After Utopia closed in the early 1980s, the budding videographer moved to New York City, where he worked as an offline editor, then a specialist in film to tape transfers, for several large production houses. Among his jobs were music videos for The Bangles and Rod Stewart, as well as much of the first season for Pee Wee’s Playhouse, for which Rundgren was writing music.
Apart from a stint trying to start and run a video production house in the Virgin Islands for a spell, Baer moved up to help out his family after his brother suffered a bad car accident in the later 1980s. He started and ran a company building indoor rock climbing walls, mainly to the military and Boy Scout troops, for eleven years.
By the first years of this century, he had hooked up with the late Peter Walther, who he calls “sort of my stepfather” to start Woodstock Films, which helped produce the In Your Face political variety shows for Woodstock Public Access television, a number of concert videos at Levon Helm Studios, and a variety of work for other local clients.
“But then HD [high definition] came out and put us out of business,” Baer adds. “I worked for a while with Remote Digital Media doing MTV Unplugged until they stopped paying me so they could invest in new cameras.”
He got a high end GoPro camera, a Steadicam and jib for fluid camera work. Then started looking at what could be done with cameras on unmanned aircraft systems.
“I keep reinventing myself,” Baer said. “I’m always wanting to have something unique to offer.”
His new line of film work from the past years has included accounts of Creative Music Studio events, promotional videos for a number of local not-for-profits completed or in progress, He’s shooting a piece for Rich Moore Aviation, which helped him get his UAS certificate, and is talking to entities from the Catskills down into the Hudson Valley proper about giving them the sorts of shots that will give all they do an added sense of movement and dazzle.
Has it been fun learning to pilot drones?
Baer tells a story about one that a friend had lost somewhere around Cooper Lake in Woodstock.
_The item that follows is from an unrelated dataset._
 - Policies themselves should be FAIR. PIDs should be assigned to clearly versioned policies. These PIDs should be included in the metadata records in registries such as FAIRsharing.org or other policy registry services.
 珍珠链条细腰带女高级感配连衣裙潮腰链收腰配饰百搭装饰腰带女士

The second, bought in partnership, led to a misunderstanding. Now he’s got a “smart drone,” which can avoid mishaps easier, and a second state-of-the-art UAS…the better to provide a truly professional service in the area.
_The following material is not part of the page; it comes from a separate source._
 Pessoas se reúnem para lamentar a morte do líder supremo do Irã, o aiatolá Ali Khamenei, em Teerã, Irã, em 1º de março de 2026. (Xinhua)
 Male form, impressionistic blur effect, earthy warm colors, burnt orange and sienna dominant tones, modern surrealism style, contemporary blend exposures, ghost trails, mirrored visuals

“I follow the FAA laws and fly only to get my shot, very rarely above 75 feet and always in my line of sight,” he says. “My Solo 3DR can be a little scary; it’s black and very loud. The Phantom 4 is white and quiet.”
He said that, on the hobby side of things, he’d looking to load up a small drone with LED lights for some aerial disco fun.
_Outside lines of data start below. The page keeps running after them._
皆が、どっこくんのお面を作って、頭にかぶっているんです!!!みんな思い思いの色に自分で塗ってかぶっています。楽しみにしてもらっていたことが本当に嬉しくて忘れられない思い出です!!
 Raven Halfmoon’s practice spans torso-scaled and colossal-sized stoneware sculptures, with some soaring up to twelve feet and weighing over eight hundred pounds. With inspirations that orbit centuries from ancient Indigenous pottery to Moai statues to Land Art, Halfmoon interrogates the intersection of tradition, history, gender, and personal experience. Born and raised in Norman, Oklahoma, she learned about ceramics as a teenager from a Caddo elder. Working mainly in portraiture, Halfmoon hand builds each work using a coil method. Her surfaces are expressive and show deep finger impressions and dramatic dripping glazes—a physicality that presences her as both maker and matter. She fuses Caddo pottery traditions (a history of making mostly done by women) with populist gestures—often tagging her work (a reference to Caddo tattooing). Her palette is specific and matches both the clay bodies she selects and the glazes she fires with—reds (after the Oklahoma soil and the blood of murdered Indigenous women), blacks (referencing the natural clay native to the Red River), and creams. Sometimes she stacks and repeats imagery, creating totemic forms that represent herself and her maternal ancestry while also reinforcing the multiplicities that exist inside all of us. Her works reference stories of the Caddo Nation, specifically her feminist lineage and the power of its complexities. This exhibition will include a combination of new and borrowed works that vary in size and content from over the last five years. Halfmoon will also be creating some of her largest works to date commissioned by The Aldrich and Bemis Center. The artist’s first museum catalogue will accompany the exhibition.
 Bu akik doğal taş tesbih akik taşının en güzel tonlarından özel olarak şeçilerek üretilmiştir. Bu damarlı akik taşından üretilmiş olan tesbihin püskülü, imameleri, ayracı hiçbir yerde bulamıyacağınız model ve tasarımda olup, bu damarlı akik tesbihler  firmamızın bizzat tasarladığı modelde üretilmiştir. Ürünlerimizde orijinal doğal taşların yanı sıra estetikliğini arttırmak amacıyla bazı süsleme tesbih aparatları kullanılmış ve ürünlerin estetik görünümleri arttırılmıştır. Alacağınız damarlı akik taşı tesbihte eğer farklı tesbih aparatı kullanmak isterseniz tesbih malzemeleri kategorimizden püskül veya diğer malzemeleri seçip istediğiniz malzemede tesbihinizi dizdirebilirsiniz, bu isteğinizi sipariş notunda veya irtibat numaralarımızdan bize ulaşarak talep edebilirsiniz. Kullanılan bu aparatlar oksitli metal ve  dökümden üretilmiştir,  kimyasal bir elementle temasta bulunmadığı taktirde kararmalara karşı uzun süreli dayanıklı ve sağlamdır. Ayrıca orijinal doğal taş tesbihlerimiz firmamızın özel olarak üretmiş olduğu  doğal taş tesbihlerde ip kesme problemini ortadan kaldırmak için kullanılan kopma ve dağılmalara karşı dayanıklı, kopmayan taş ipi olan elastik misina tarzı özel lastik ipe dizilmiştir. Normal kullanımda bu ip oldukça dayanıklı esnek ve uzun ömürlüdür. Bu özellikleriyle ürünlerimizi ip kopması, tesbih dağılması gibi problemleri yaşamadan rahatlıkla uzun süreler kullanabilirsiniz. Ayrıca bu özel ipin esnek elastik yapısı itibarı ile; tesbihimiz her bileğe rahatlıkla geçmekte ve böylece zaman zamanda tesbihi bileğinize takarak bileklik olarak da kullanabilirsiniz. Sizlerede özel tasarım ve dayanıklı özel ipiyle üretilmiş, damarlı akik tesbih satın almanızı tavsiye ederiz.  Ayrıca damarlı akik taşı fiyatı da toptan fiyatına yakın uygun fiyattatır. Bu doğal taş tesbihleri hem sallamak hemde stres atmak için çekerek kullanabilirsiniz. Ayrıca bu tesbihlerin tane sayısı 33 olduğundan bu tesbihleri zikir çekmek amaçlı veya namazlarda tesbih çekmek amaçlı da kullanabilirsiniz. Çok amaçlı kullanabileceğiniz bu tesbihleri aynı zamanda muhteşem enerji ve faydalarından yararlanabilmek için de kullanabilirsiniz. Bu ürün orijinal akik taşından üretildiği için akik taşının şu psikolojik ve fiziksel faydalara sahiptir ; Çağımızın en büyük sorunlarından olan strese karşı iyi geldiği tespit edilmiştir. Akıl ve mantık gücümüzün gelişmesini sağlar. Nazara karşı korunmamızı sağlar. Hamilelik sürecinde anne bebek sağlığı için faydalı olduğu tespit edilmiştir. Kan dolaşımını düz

“It’ll absolutely blow people’s minds,” Baer added.
We turn back to Woodstock Films and Baer’s more personal work online, available on his channels at YouTube. The work is all smooth, stylized, yet constantly soaring above and beyond what we’ve grown used to seeing for this area.
“I’ve been talking to real estate agents. I have an idea of doing tours of this area, a new form of ‘aerial America.’ I want to update all our postcards,” Geoff Baer adds, as excited at the end of his interview as at its start. “I want to pursue something of my own.”
He paused, noting how in the end, it all comes down to helping his young friend, Steven Thomas, find meaningful work and direction.
“I don’t exactly know where any of this will go, business-wise,” he added. “I know my friend here will make a great drone pilot. It’s something he can do, and something I can teach him.”